SUPPLIED INFORMATION START

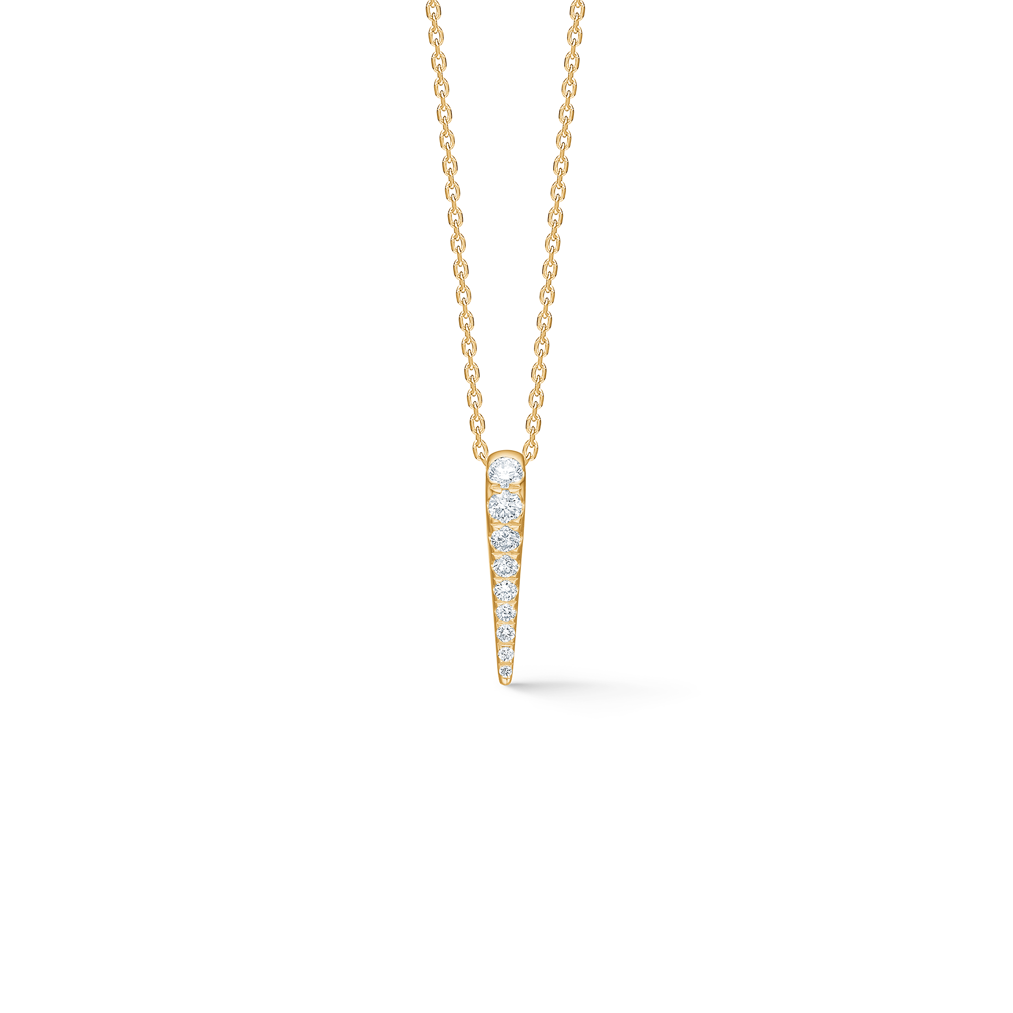 Vedhænget er et smukt samspil mellem den langstrakte silhuet og de graduerede diamanter, som reflekterer lyset forskelligt og skaber et levende udtryk. Den detaljerede grabbefatning og den omhyggelige polering understreger den kompromisløse guldsmedekvalitet, der er kendetegnende for Gold Label-kollektionen.
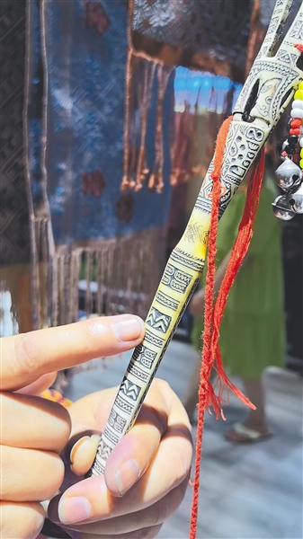 骨簪和骨梳上都系了一串铃铛,走起路来,铃声清脆。“在走山路时,铃铛就会跟着步伐发出声响,把周边的野兽驱赶走。”符秀英说,骨梳和骨簪不只是男女之间传递情愫的信物,也反映了人与自然、自然与社会之间更为复杂而有趣的关联。
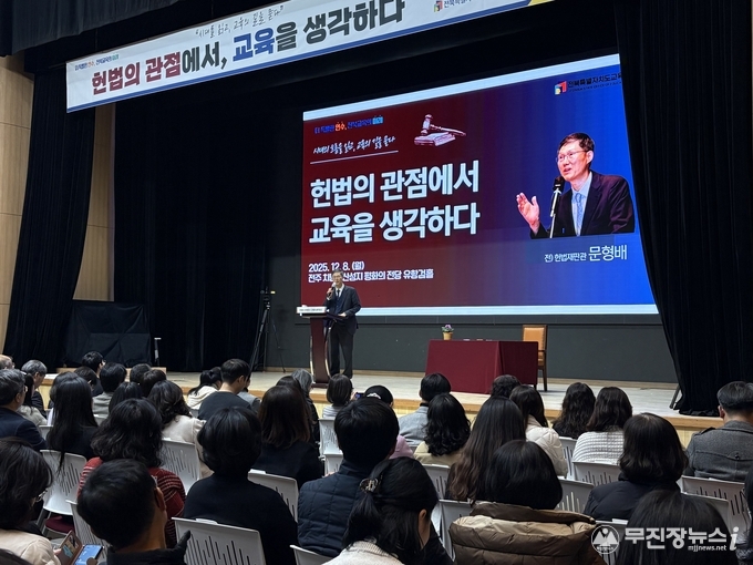 전북특별자치도교육청교육연수원(원장 민완성)은 8일 전주 치명자성지 세계평화의전당 유항검홀에서 문형배 전 헌법재판관을 초청해 ‘헌법의 관점으로 교육을 생각하다’를 주제로 직무연수를 개최한다.
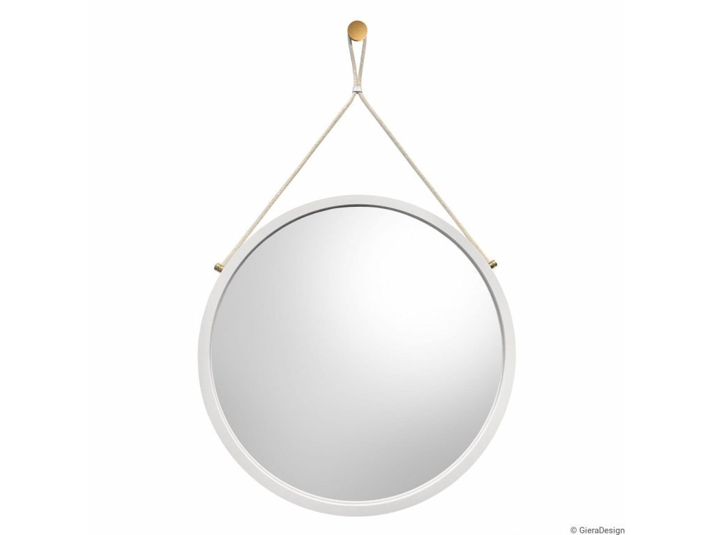 Minimalistické kulaté zrcadlo v tenkém bílém rámu se zlatými bočními úchyty a krémovým provazem. Ideální do skandinávských a moderních interiérů. Rám je vyroben z voděodolné MDF desky lakované tvrdým dvousložkovým polyuretanovým lakem. Zrcadlo s vysokým leskem. Na výběr je možné zvolit si věšák na provaz v bílé nebo zlaté barvě.

SUPPLIED INFORMATION END

WORK INSTRUCTION → Word for word, repeat only the lines from the line containing "전북특별자치도교육청교육연수원(원장 민완성)은 8일" through the end of the data, without any pictures.

WRITTEN ANSWER →
 전북특별자치도교육청교육연수원(원장 민완성)은 8일 전주 치명자성지 세계평화의전당 유항검홀에서 문형배 전 헌법재판관을 초청해 ‘헌법의 관점으로 교육을 생각하다’를 주제로 직무연수를 개최한다.
 Minimalistické kulaté zrcadlo v tenkém bílém rámu se zlatými bočními úchyty a krémovým provazem. Ideální do skandinávských a moderních interiérů. Rám je vyroben z voděodolné MDF desky lakované tvrdým dvousložkovým polyuretanovým lakem. Zrcadlo s vysokým leskem. Na výběr je možné zvolit si věšák na provaz v bílé nebo zlaté barvě.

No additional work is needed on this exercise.